Sun Dec 2nd through Sat the 8th, 2018 at Palais des Congrès de Montréal
This paper introduces and analyzes a simple algorithm for bipartite block model clustering in which clusters can be very small. The model in which the work is situated is a natural variation of a blockmodel for bipartite random graphs which allows the clusters on the "right" to overlap. The model involves a bijection between the clusters on the left and the clusters on the right. Two probabilities must be specified: the probability that an edge exists between two nodes whose blocks are in bijection, and the probability that an edge is generated between two nodes whose blocks are not in bijection (though it is likely that this constraint can be relaxed). The algorithm is simple: first, cluster the nodes on the left by applying a mixture model approach to the rows of the biadjacency matrix. Next, having determined the clusters on the left, assign to each the nodes on the right which have sufficiently many edges to it. To analyze the first part of the algorithm, the authors make use of the results of Mitra concerning mixture models. The authors prove that -- quite interestingly -- the algorithm is able to recover right clusters which are O(n^eps) small, which represents a significant improvement over previous analyses. This is perhaps surprising due to previous analyses which proved a sqrt(n) lower bound on cluster size, however (as the authors note) those analyses assumed that the bipartite clusters were square. In contrast, the current paper allows the left cluster and right cluster to be of vastly different sizes. This relaxation is quite natural and provides for a smooth tradeoff -- very small right clusters can be recovered, provided that the left cluster is correspondingly large. Ultimately, I found the paper clear and interesting. The fact that such small clusters can be recovered is intriguing, though it would be interesting to investigate whether the smooth tradeoff mentioned is indeed optimal.
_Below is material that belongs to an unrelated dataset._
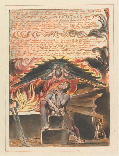 Keywords: William Blake - Jerusalem, Plate 6, "His Spectre driv'n...." - Google Art Project.jpg print orange pen ink black watercolor paper cream Relief etching printed in orange with pen and black ink and watercolor on moderately thick smooth cream wove paper London 1757 London 1827 William male 2369124 Blake British 1757 - 1827 /collection/yale-center-for-british-art/artwork/jerusalem-plate-6-his-spectre-drivn-william-blake/2382294/ William Blake Artist /artist/william-blake/4130035/ 4130035 /collection/yale-center-for-british-art/ Yale Center for British Art 2305845 http //britishart yale edu/ 2/23/2012 9 47 18 PM /collection/yale-center-for-british-art/artwork/jerusalem-plate-6-his-spectre-drivn-william-blake/2382294/ 1804 1804 to 1820 blacksmith men fire smoke stone chain wings text hammer bellows tongs nudes historical subject Relief etching printed in orange with pen and black ink and watercolor on moderately thick smooth cream wove paper 225 2382294 False 1820 3/24/2012 4 10 37 PM YCBA/lido-TMS-3492 http //collections britishart yale edu/vufind/Record/1667780 Yale Center for British Art Paul Mellon Collection print 1800 1830 Felpham Creation w162 x h225 cm 1804 to 1820 False 0 76171875 Item jerusalem-plate-6-his-spectre-drivn-william-blake Jerusalem Plate 6 His Spectre driv'n j 162 No inscription Inscription _Signed_and_Dated Not signed not dated Not on View Relief etching printed in orange with pen and black ink and watercolor on moderately thick smooth cream wove paper blacksmith men fire smoke stone chain wings text hammer bellows tongs nudes historical subject special url_id RwFFPc-gGiFwAg PD-old-100-1923 1827 Jerusalem The Emanation of the Giant Albion - copy E - Google Art Project 006 Google Art Project works by William Blake
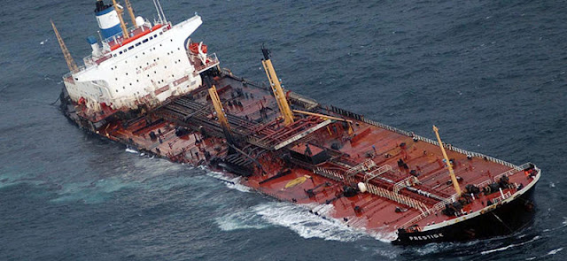 El  Prestige se hundió en las costas gallegas en 2002, provocando una gran marea negra. Fuente: www.comunidadism.es

This paper is of big significance in studying the clustering with tiny clusters. It states the conditions under which the proposed algorithm succeeds, and provides sufficient theoretical proofs to these statements. Strengths: -This paper is well organized and presented. The expression are clear making the reader easily follow this paper. -The originality of this paper is good, which gives the definition of “tiny cluster” and points out the importance of clustering these tiny clusters. -The techniques and derivations in the paper is reasonable and convince me. Weaknesses: -There is still several typos, such as “of” in line 127 is needless, “iff” in line 136 is a spelling mistake. -Some notations in the paper are unclear, such asΟ(.), Ω(.)and Θ(.). -In your experiment, how to understand the definition of “planted cluster”? Is it a typo in the expression “70 left-side clusters of size 70”? Since you have said 8 planted cluster,it is confused that you mean the number of clusters is 70 or each size of data in any cluster is 70. -How to understand the significance of experimental results in Figure 1 (d)(e)(f)? In the paper, the parameter delta is defined as “the smallest difference between any two right-side clusters” instead of “the size of right cluster”. So, why you study the ability of the proposed method in recovering tiny clusters under varying delta, rather than l (which is defined as the smallest cluster on left side)?
This paper considers a bipartite Stochastic Block Model (SBM) that allows for overlapping right clusters and proposes a simple two step algorithm to estimate the left and right clusters with provable guarantees. The main selling point is that this algorithm, unlike previous ones, can detect small clusters (of size (n^eps), for any eps > 0, as opposed to Omega(n^0.5) in previous works). This is practically useful because in many real bipartite networks the right side can have tiny clusters. The authors analyze two real-world examples to illustrate this. Comparisons with other algorithms on synthetic networks are also given. I found the paper interesting and believe that it is a good contribution to the literature. Some comments/suggestions for the authors: 1. Theorem 1 concerns strong recovery, and so needs the graph to have unbounded average degree. A discussion about the sparse case would be welcome. Does the pcv algorithm (or Mitra's algorithm plus your second step) return clusters "correlated with" the ground truth in that case? 2. For estimating theta a naive approach would be to start with a pilot estimate (e.g., grid search) to get the clusters first and then estimate p and q by within (i.e. between U_i and V_i for all i) and between (i.e. between U_i and V_j for all i \ne j) block averages of edges, and finally re-estimate theta using these estimates of p and q, and run the second step of your algorithm. This may be repeated until "convergence" (when the estimate of theta essentially stops changing, which may or may not happen). 3. Page 7, line 248: "used the quality" should be "used the same quality"? 4. Page 8, line 301: "Like this" should be "With this". 5. Page 8, line 314: "(24 posts) is christian" should be "(24 posts) christian".